Nucleases that cleave nucleic acid molecules at specific sites rather than randomly are of increasing importance in emerging technologies such as, e.g., in genetic engineering and gene targeting. Gene targeting is a process in which a DNA molecule introduced into a cell replaces the corresponding chromosomal segment by homologous recombination, and thus presents a precise way to manipulate the genome (Capecchi, M. R. (2005). Nat Rev Genet 6(6): 507-12). In the past, the application of gene targeting to mammalian cells has been limited by its low efficiency. Experiments in model systems have demonstrated that the frequency of homologous recombination of a gene targeting vector is strongly increased if a double-strand break is induced within its chromosomal target sequence. Using the yeast homing endonuclease I-SceI, that cuts DNA at an 18 base pair-long recognition site, it was initially shown that homologous recombination and gene targeting are stimulated over 1000-fold in mammalian cells when a recognition site is inserted into a target gene and I-SceI is expressed in these cells (Rouet, P., Smih, F., Jasin, M.; Mol Cell Biol 1994; 14: 8096-8106; Rouet, P., Smih, F. Jasin, M; Proc Natl Acad Sci USA 1994; 91: 6064-6068). In the absence of a gene targeting vector for homology directed repair, the cells frequently close the double-strand break by non-homologous end-joining (NHEJ). Since this mechanism is error-prone it frequently leads to the deletion or insertion of multiple nucleotides at the cleavage site. If the cleavage site is located within the coding region of a gene it is thereby possible to identify and select mutants that exhibit reading frameshift mutations from a mutagenised population and that represent non-functional knockout alleles of the targeted gene.

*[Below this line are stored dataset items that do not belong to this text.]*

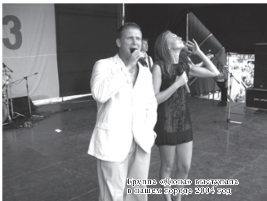
Группа «Дюна» выступала в нашем городе 2004 год

Предлагаем вашему вниманию фото разных лет. Некоторым фотографиям уже 15 лет, есть и более поздние. А после нынешнего празднования юбилея города, которое состоится 17 и 18 июля 2015 года, сравним архивные фотографии со свежими. Будет интересно и познавательно!
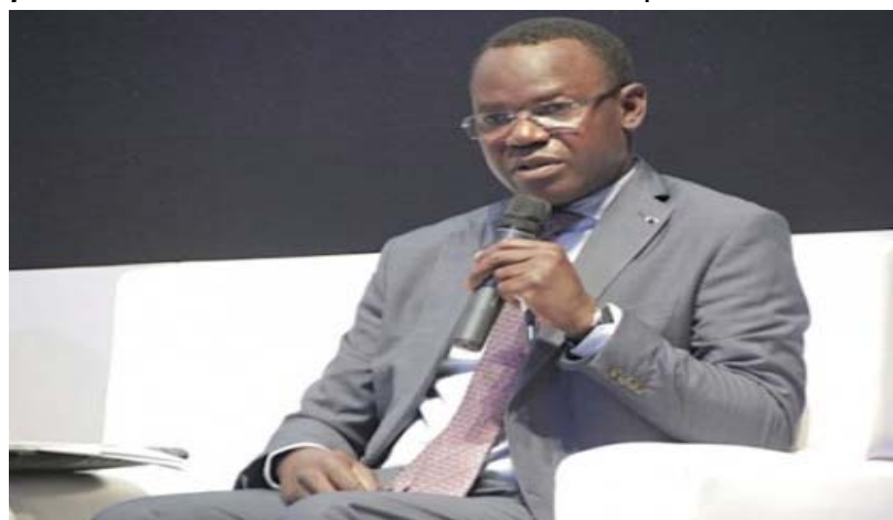
Philippe Kokou Tchodiè, Commissaire Général de l'OTR et président de l'ATAF

Organisé en mode virtuel, cette rencontre de trois jours, a permis aux différents participants de se plancher sur les modèles innovants répondant plus efficacement à la collecte des taxes chez les contribuables.
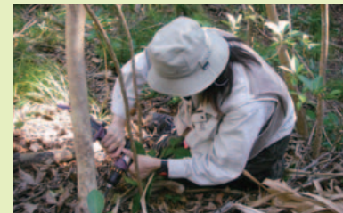
薬剤注入による枯殺
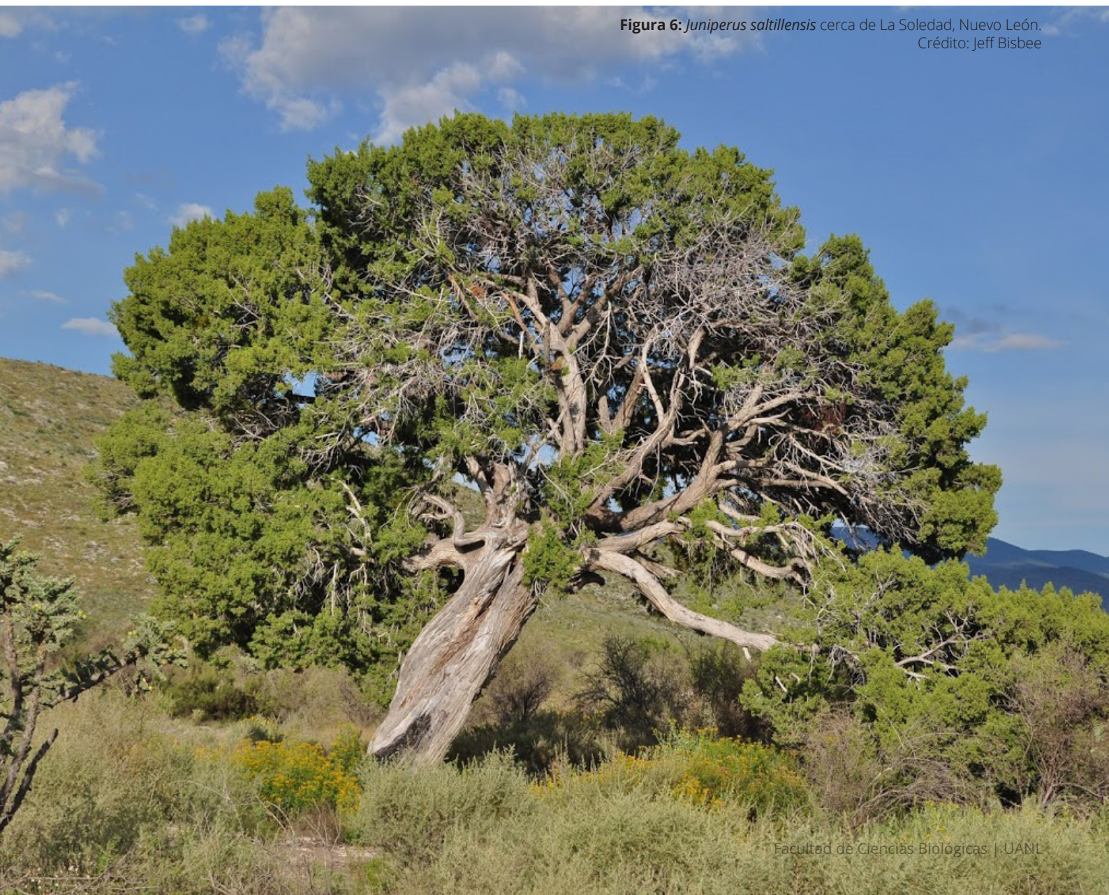
Figura 6: Juniperus saltillensis cerca de La Soledad, Nuevo León.

Therefore, sequence specific nucleases represent an important tool for biotechnology to modify the genome of model organisms or cell lines. In order to construct nucleases that specifically recognise new target sequences within genes, two approaches have been pursued that rely on the modification of natural homing endonucleases or on the fusion of a natural or engineered DNA binding domain to a nuclease domain. Such modified restriction enzymes or chimaeric nucleases can target large DNA sites (up to 36 bp) and can be engineered to bind to desired DNA sequences.

Homing endonucleases, such as I-SceI of yeast, are natural genetic elements that catalyze their own duplication into recipient alleles by creating site-specific DSBs that initiate their own genetic transfer by homologous recombination. A key feature of these enzymes is that they create double-strand breaks at recognition sites that are 14- to 40-bp long. The major limitation to the use of homing endonucleases in gene targeting is that each enzyme recognises exclusively its natural target sequence. By protein engineering it has been attempted to modify homing endonucleases in order to recognize new target sites. In this work, modifications could be made that alter the natural target site within some nucleotides, but it is yet not possible to design enzymes specific for entirely new target regions.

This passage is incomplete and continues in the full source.